## Record excerpts
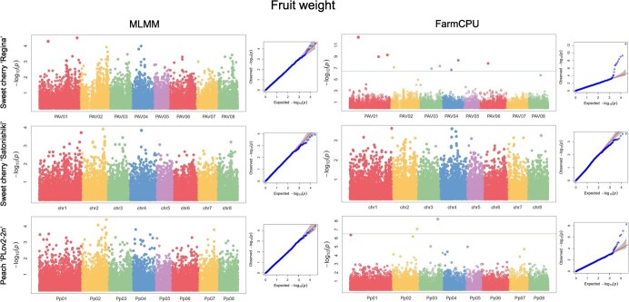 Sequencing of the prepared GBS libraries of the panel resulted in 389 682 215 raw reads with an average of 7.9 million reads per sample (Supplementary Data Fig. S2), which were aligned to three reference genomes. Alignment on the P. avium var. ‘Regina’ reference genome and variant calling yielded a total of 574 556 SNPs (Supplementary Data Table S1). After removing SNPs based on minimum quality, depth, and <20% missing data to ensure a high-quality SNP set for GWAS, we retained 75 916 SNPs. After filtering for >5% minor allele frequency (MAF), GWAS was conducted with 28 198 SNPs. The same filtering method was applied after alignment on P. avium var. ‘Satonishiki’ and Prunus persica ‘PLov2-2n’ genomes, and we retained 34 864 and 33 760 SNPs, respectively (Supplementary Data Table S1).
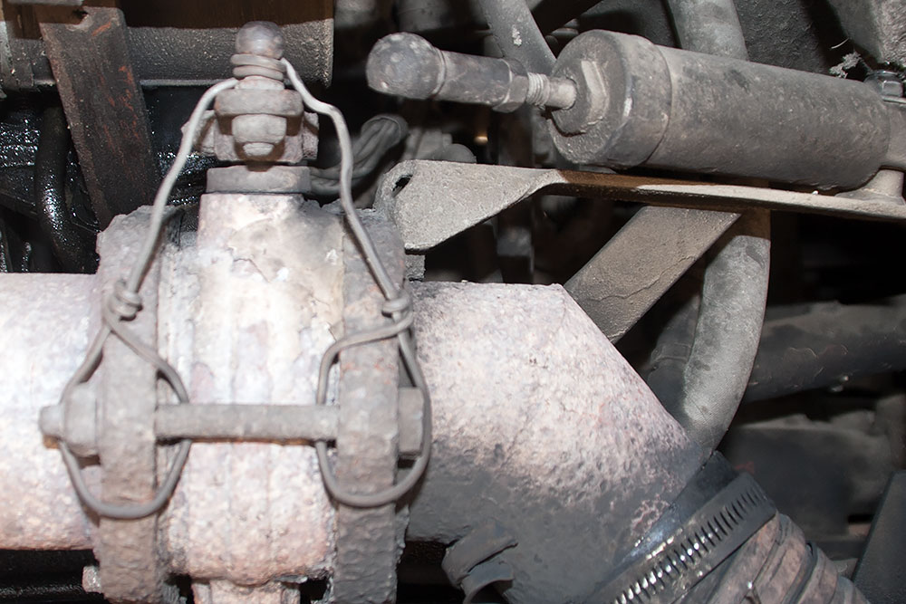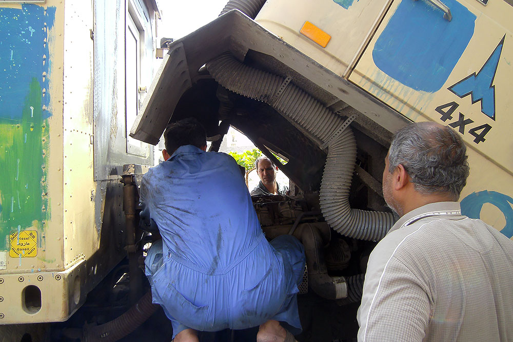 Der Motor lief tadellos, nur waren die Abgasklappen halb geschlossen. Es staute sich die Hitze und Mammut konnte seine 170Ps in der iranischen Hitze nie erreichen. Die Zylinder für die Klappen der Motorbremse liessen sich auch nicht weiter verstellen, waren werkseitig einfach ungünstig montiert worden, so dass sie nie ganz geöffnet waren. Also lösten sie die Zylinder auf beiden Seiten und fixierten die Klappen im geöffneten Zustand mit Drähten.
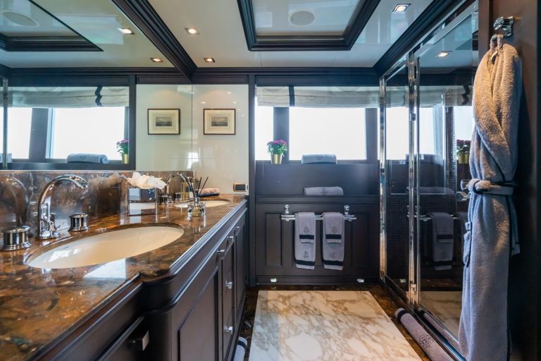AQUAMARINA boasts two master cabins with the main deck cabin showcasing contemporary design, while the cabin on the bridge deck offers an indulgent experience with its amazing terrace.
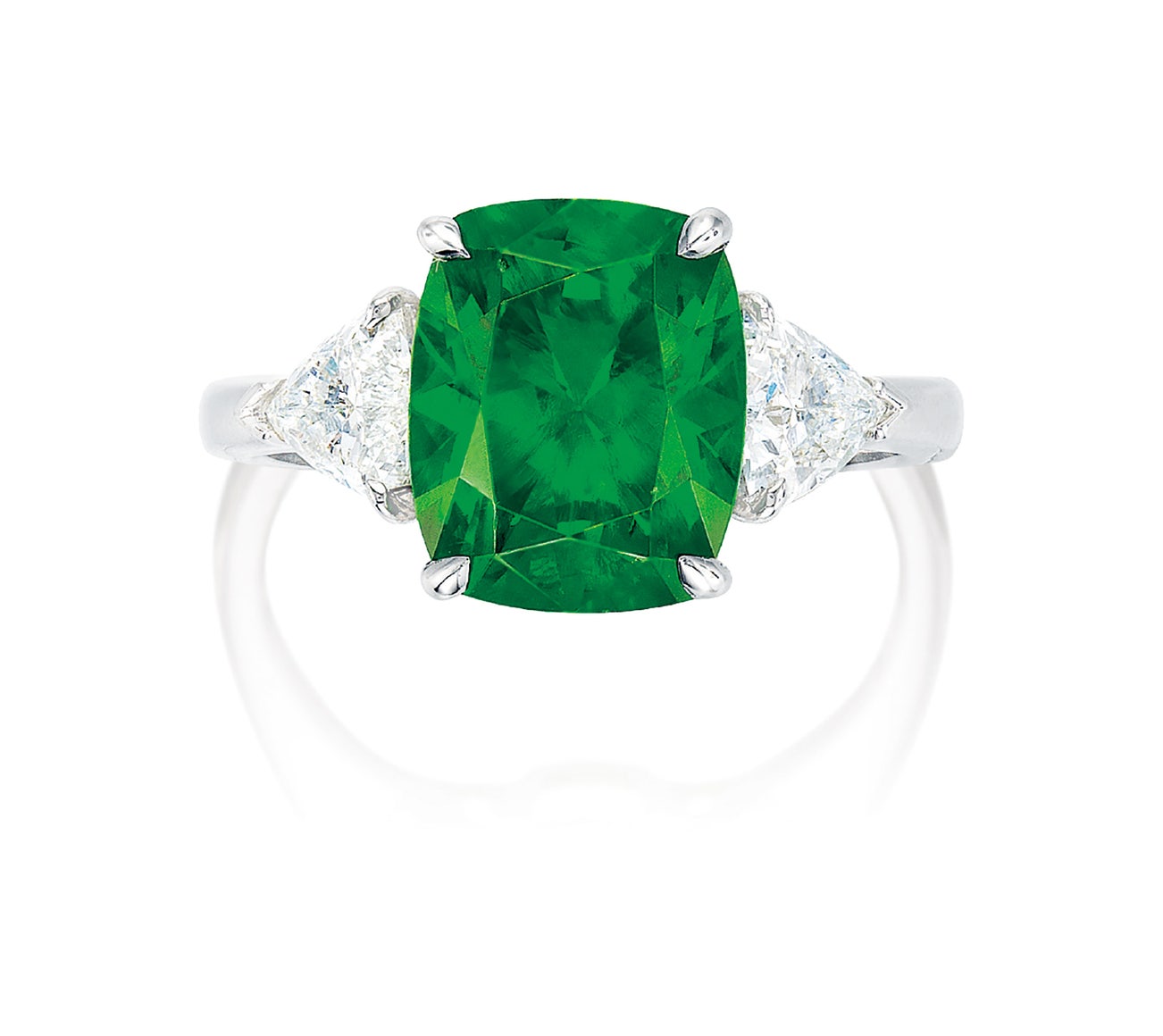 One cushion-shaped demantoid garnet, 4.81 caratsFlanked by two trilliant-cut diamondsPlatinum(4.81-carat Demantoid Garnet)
==
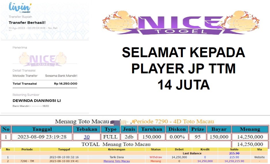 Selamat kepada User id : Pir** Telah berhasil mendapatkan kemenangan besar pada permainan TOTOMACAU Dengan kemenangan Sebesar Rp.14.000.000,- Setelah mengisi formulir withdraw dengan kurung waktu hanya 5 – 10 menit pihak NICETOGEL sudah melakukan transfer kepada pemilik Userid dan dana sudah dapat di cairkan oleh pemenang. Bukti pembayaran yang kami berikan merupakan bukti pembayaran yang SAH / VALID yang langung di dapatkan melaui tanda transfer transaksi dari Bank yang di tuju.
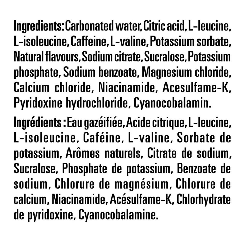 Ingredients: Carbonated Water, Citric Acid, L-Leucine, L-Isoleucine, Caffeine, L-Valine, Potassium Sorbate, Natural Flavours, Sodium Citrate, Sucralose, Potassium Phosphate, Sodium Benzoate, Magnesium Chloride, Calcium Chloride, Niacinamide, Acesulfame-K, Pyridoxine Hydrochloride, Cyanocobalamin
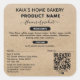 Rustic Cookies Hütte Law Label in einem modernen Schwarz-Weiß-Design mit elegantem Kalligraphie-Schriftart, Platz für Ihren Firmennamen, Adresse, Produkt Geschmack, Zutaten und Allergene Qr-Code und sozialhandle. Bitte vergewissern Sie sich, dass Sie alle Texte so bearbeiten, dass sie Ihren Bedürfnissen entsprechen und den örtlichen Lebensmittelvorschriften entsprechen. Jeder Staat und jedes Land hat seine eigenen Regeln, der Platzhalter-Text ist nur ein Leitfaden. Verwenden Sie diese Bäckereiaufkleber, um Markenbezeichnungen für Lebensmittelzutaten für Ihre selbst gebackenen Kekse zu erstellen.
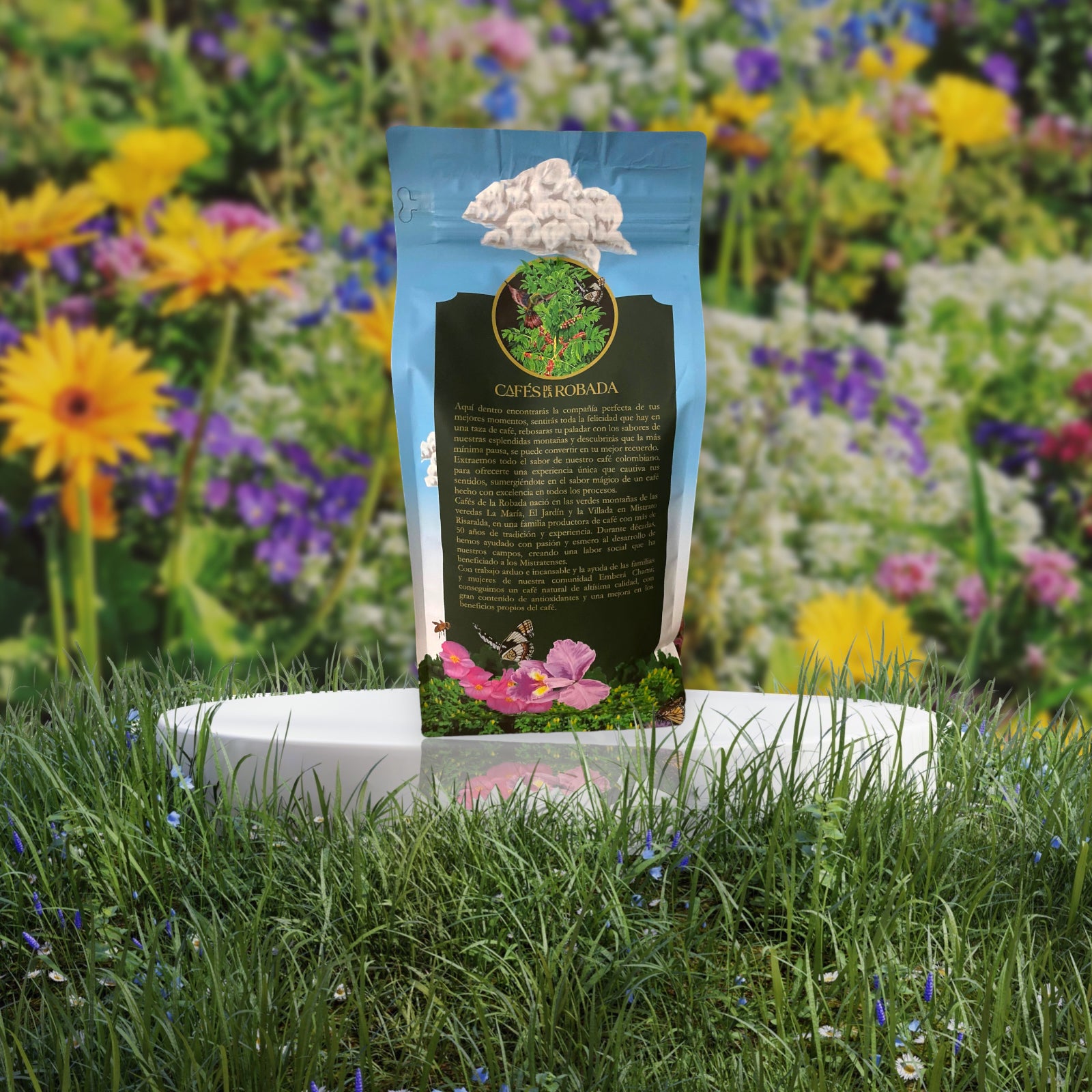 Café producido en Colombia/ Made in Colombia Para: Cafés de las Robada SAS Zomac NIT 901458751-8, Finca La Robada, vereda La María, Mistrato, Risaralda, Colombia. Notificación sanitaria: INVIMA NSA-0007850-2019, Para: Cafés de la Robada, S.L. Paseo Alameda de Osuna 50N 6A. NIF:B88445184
==
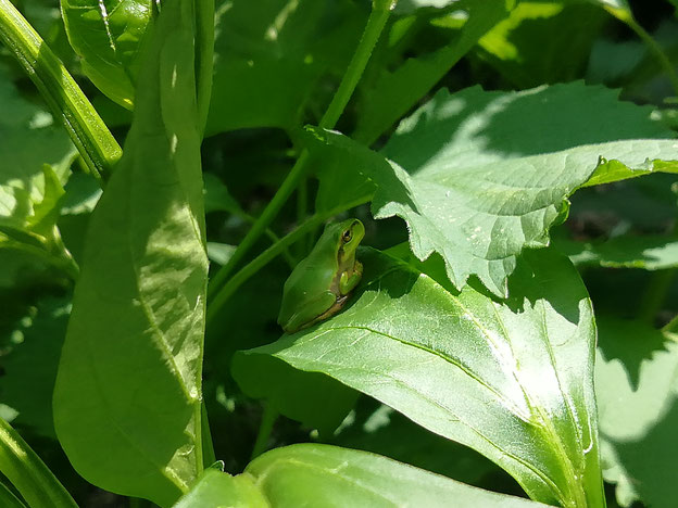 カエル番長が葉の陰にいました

## What the exercise asks
Copy exactly the material above from the line with "Der Motor lief" to the line with "One cushion-shaped demantoid", ends included, and nothing else. Leave out any picture.

## Response to the exercise
 Der Motor lief tadellos, nur waren die Abgasklappen halb geschlossen. Es staute sich die Hitze und Mammut konnte seine 170Ps in der iranischen Hitze nie erreichen. Die Zylinder für die Klappen der Motorbremse liessen sich auch nicht weiter verstellen, waren werkseitig einfach ungünstig montiert worden, so dass sie nie ganz geöffnet waren. Also lösten sie die Zylinder auf beiden Seiten und fixierten die Klappen im geöffneten Zustand mit Drähten.
AQUAMARINA boasts two master cabins with the main deck cabin showcasing contemporary design, while the cabin on the bridge deck offers an indulgent experience with its amazing terrace.
 One cushion-shaped demantoid garnet, 4.81 caratsFlanked by two trilliant-cut diamondsPlatinum(4.81-carat Demantoid Garnet)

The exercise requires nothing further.